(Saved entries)
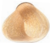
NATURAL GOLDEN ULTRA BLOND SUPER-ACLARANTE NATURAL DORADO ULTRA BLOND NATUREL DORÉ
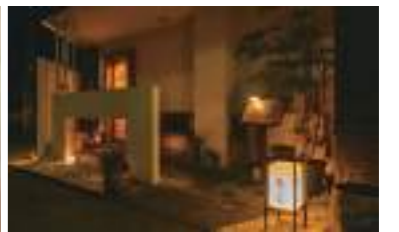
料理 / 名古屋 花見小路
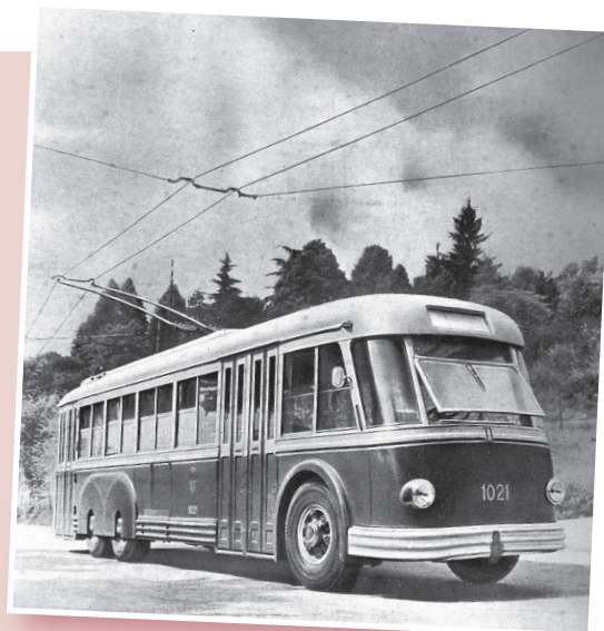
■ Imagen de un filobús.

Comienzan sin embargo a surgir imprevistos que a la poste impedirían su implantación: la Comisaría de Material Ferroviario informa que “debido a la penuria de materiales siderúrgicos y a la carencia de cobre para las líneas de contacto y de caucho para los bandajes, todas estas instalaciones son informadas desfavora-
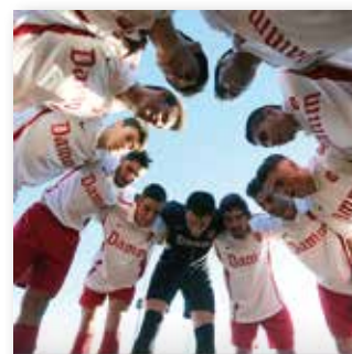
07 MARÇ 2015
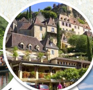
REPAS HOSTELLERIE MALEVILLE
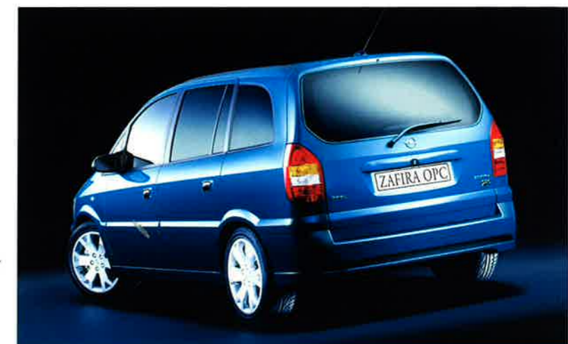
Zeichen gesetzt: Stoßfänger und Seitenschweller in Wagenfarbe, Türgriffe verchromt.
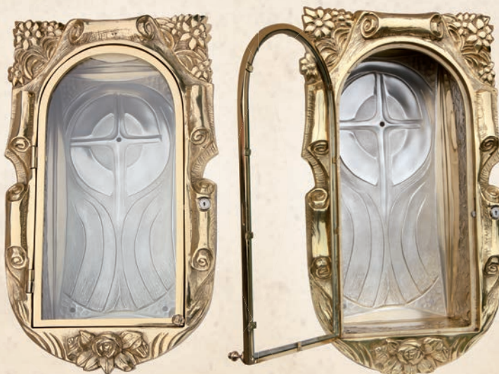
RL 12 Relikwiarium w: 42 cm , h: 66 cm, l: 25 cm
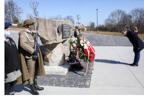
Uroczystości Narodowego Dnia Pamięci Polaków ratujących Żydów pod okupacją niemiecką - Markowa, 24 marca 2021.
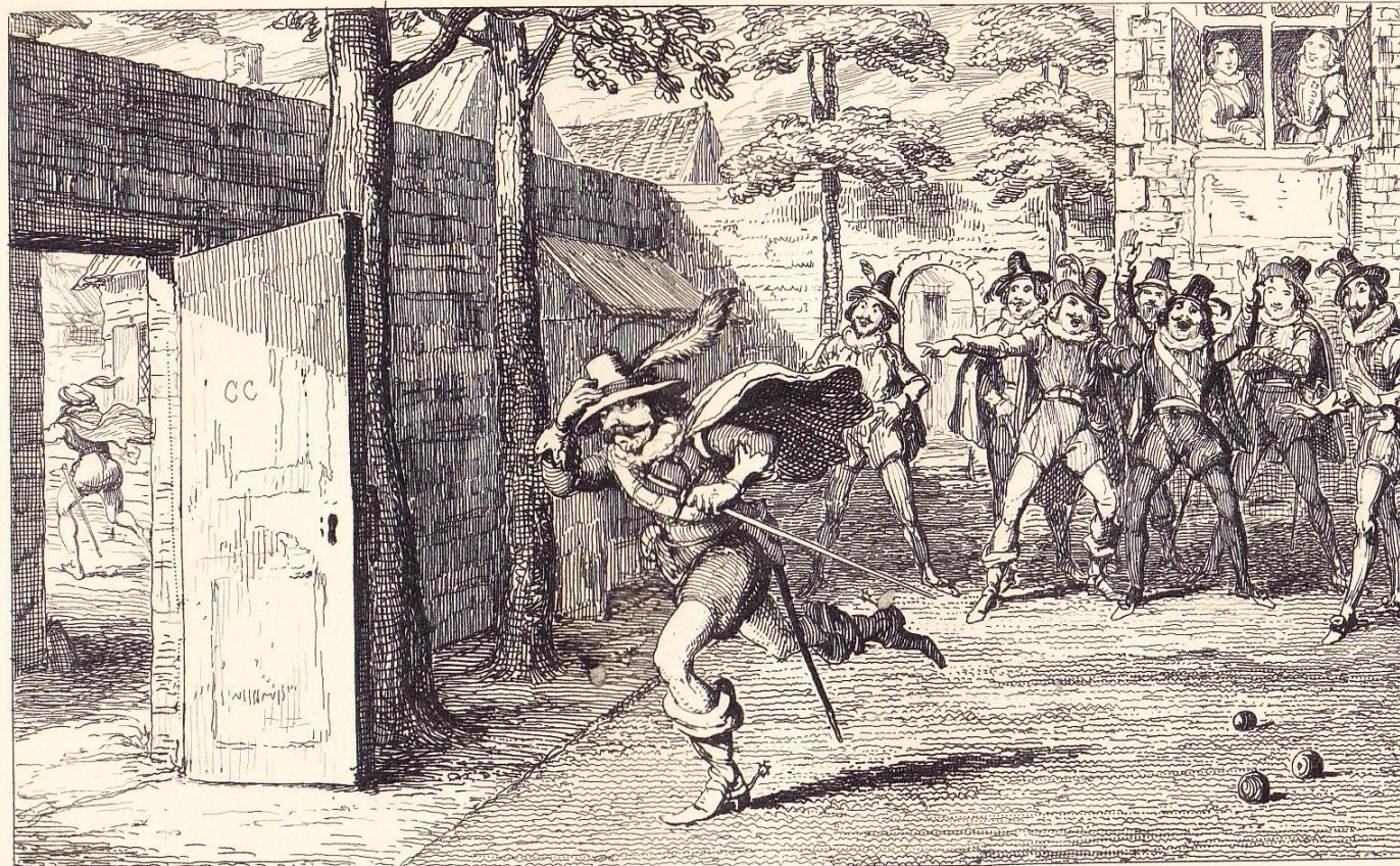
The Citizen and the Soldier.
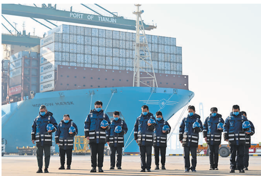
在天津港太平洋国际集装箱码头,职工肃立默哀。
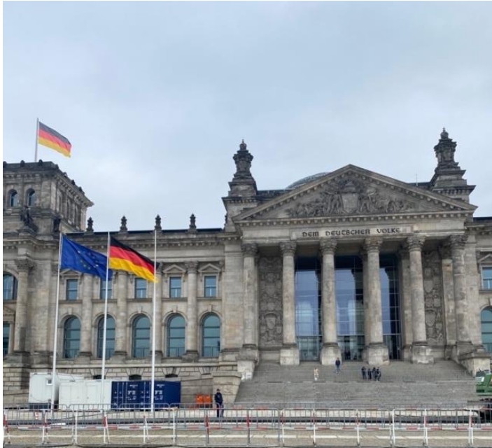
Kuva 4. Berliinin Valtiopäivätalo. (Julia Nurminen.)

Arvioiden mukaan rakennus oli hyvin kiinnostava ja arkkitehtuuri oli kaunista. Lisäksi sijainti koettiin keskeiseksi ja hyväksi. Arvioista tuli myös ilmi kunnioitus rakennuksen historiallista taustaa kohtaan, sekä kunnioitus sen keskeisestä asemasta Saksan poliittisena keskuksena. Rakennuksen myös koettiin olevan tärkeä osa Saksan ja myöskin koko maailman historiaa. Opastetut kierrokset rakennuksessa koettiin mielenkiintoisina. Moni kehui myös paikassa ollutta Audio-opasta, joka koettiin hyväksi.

= Work task =
Every line from the one with "REPAS HOSTELLERIE MALEVILLE" through the last line of the data must be copied exactly. Leave the pictures out.

= Solution to this problem =
REPAS HOSTELLERIE MALEVILLE
Zeichen gesetzt: Stoßfänger und Seitenschweller in Wagenfarbe, Türgriffe verchromt.
RL 12 Relikwiarium w: 42 cm , h: 66 cm, l: 25 cm
Uroczystości Narodowego Dnia Pamięci Polaków ratujących Żydów pod okupacją niemiecką - Markowa, 24 marca 2021.
The Citizen and the Soldier.
在天津港太平洋国际集装箱码头,职工肃立默哀。
Kuva 4. Berliinin Valtiopäivätalo. (Julia Nurminen.)

Arvioiden mukaan rakennus oli hyvin kiinnostava ja arkkitehtuuri oli kaunista. Lisäksi sijainti koettiin keskeiseksi ja hyväksi. Arvioista tuli myös ilmi kunnioitus rakennuksen historiallista taustaa kohtaan, sekä kunnioitus sen keskeisestä asemasta Saksan poliittisena keskuksena. Rakennuksen myös koettiin olevan tärkeä osa Saksan ja myöskin koko maailman historiaa. Opastetut kierrokset rakennuksessa koettiin mielenkiintoisina. Moni kehui myös paikassa ollutta Audio-opasta, joka koettiin hyväksi.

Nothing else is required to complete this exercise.